Джек Харпер - рационал и логик, он совсем не из тех людей, что придают хоть какое-то значение мутным ночным шалостям подсознания. Но с того дня, когда останки Жнецов с гулом и скрежетом попадали на планеты Галактики, тело пронзила нечеловеческая боль, а мозг - тысячи кричащих в своей агонии диким звуком рвущейся жести голосов, ему иногда снятся странные сны, о которых он не рассказывает никому. Возможно, будь он обычным человеком, стоило бы прибегнуть к услугам психоаналитика - но в его случае этот вариант, конечно же, недопустим.
В этих снах он снова видит своё недавнее прошлое - словно кто-то прокручивает перед ним архивную стереозапись, каждый раз взяв новый ракурс. Снова переживает тот момент, когда задумался, в чем же именно будет заключаться в этой войне победа для Человечества. Без сомнения, изначально он поддерживал Шепард в её стремлении уничтожить угрозу - но еще с инцидента с Базой Коллекционеров стало понятно, что под словом "угроза" они понимают немного разные вещи. Для него более неактивный, обездвиженный, оглушенный, сломанный враг был ресурсом, источником знаний о чужих возможностях и приёмах - для неё же всё, что когда-то было врагом, принадлежало врагу и использовалось врагом, по умолчанию было подлежащей тотальному уничтожению мерзостью. Теперь, после всего пережитого, он стал лучше понимать, почему она рассуждала именно так. Но он всё еще не считает ошибкой исследование технологий Жнецов. Ошибкой была только недостаточная осторожность. И, вернись он назад, он не стал бы чураться их полностью, как делала она - лишь многократно усилил бы меры предосторожности.
Но тогда Жнецы оказались сильнее всех мер. Ведь он знал изначально, что опасно было исследовать их устройство, но всё же рискнул. Потом он помнил, что исследовать функционирующих Жнецов слишком опасно, но исследовал кажущихся мёртвыми. Позже исследовал и активных - издалека. Потом он подумал, что, возможно, их можно не только исследовать. Их, огромных, могущественных, почти что вечных, можно использовать. Или эту мысль, как и предыдущие подспудные шаги к безумию, шепнул ему тихий механический шорох в одном из тёмных углов подсозанания?... Он никогда не задумывался о том, что переживал в свои последние минуты Пол Грейсон, но теперь мог это представить. Нарастающие уверенность в своей правоте, отсутствие сомнений и рефлексии, исчезновение обычной самокритичности, странные упоение и предвкушение - чьи, чего?... Невозможность остановиться и посмотреть на себя со стороны. Задуматься. Задать себе вопросы.
Теперь в этих снах он смотрит на себя одновременно и изнутри, и со стороны и не устает поражаться тому, насколько невероятно, очевидно, жутко был тогда слеп. Как был уверен, что "Цербер" продуктивно работает, как обычно - не замечая, что многие сотрудники стали как-то больно молчаливы и часто смотрят в стену не моргая, пустым взглядом. Сам будучи одним из таких сотрудников.
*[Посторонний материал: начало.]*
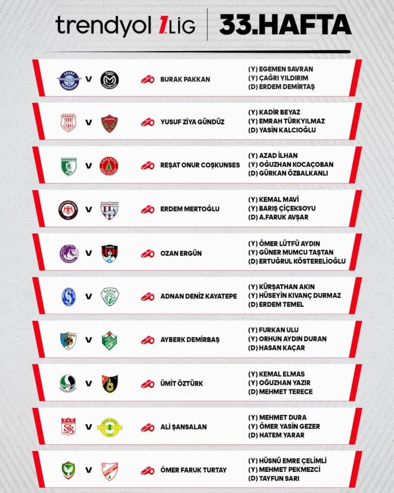Buna göre Trabzonspor-Galatasaray karşılaşmasında Cihan Aydın yönetecek.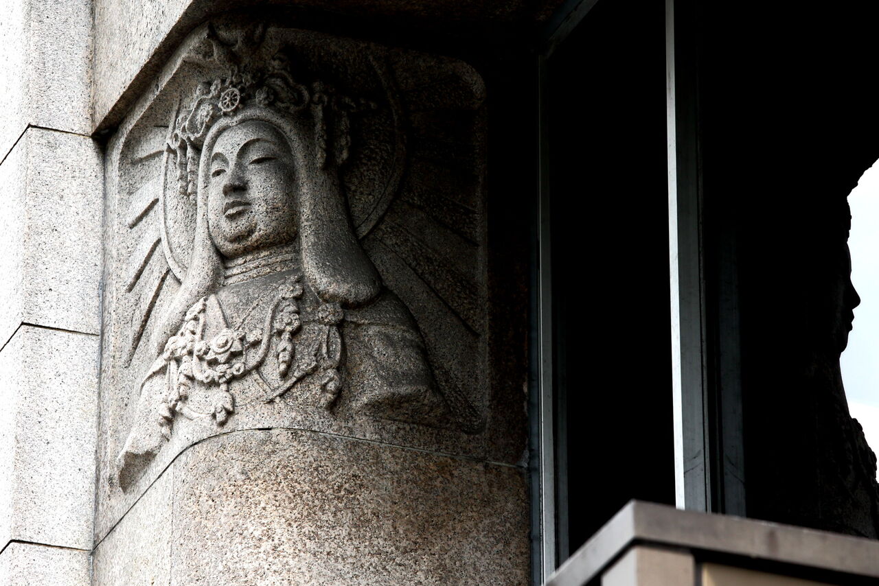 ph12 外堀通り、銀座西6丁目交差点。電通銀座ビル玄関左上の吉祥天像。吉祥天は福徳の女神とされる。玄関右上には広目天像。銀座7-4-17。2016.1.27。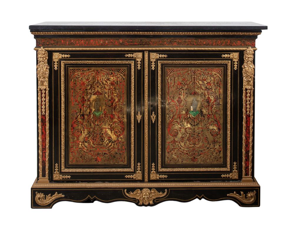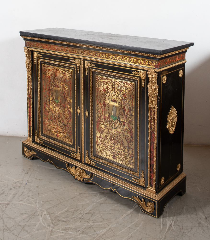 Credenza Napoleone III con intarsi in ottone e similtartaruga, applicazioni in bronzo dorato su fondo di legno ebanizzato. Piano in marmo nero del Belgio. Francia, fine del XIX secolo. Cm 111x143x41.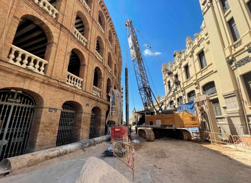 - the presence of two cultural heritage sites (< 2 m) close to the route of the connection, namely the Estación del Norte railway station and the Plaza de Toros bullring in the city of Valencia. To reduce the potential impact on these buildings, the maximum permissible ground deformations on the outer face of the walls were limited, excavation methods that minimise deformations in the screens used, and passive protection with micropile screens installed in critical sections. The suitability of the designs and construction procedures were verified by a real-time monitoring campaign that controlled deformations in the ground and nearby buildings, as well as the condition of the slabs and structural walls.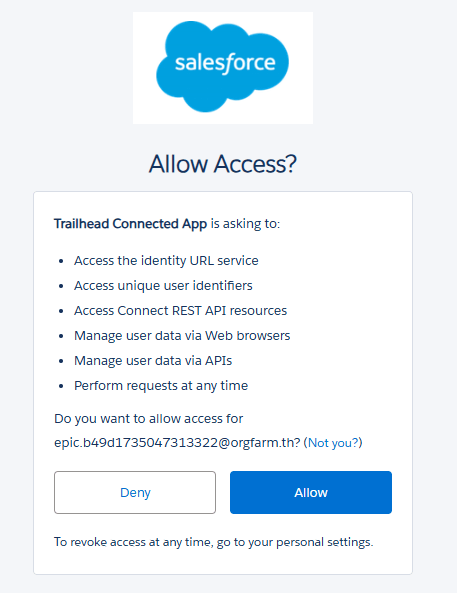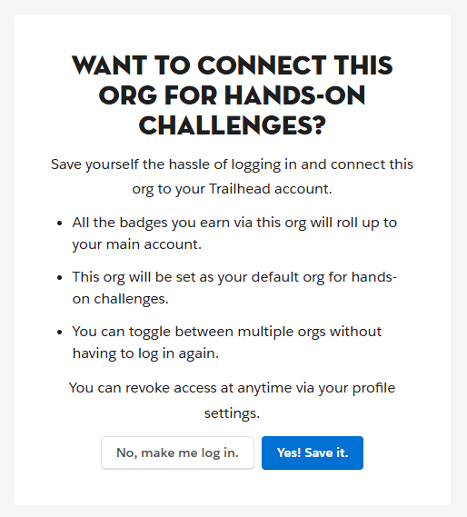 You’ll need to log into your new org so remember to save that User Name and Password in a hand place:
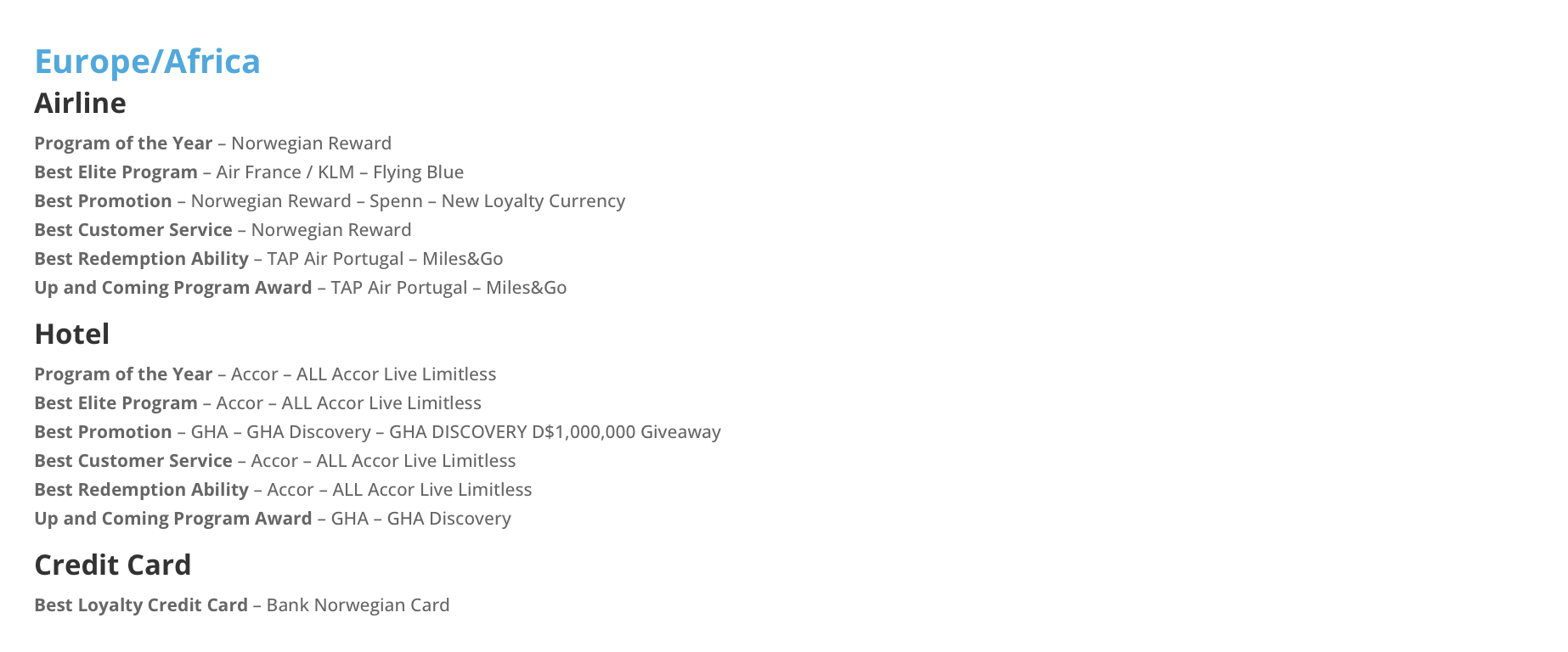 TAP’s Miles&Go program received dual recognition in the Europe/Africa region: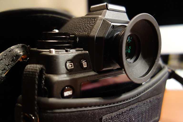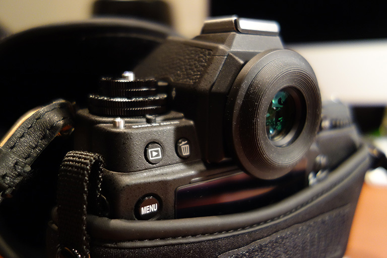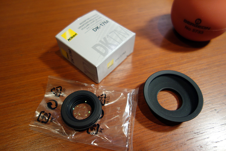 接眼部分に目が直接触れないようにラッパ型アイカップの接眼目あてDK-19とファインダーの倍率を1.2倍にするマグニファイングアイピースDK-17Mを購入。

Ему снится, как Жнецы говорят внутри его головы всё громче и чаще, но он не замечает их. Как однажды кожа вдруг слезает с лица, оставаясь на пальцах, и он стряхивает её ошмётки на пол слегка раздражённо, как будто бы это небольшое неприятное, но вполне рутинное неудобство. Как голубоватое мертвенное мерцание отражается в зеркальной поверхности обзорного экрана, а тело медленно, но верно разрывают прорастающие трубки, и это совсем не больно, разве что немного щекотно.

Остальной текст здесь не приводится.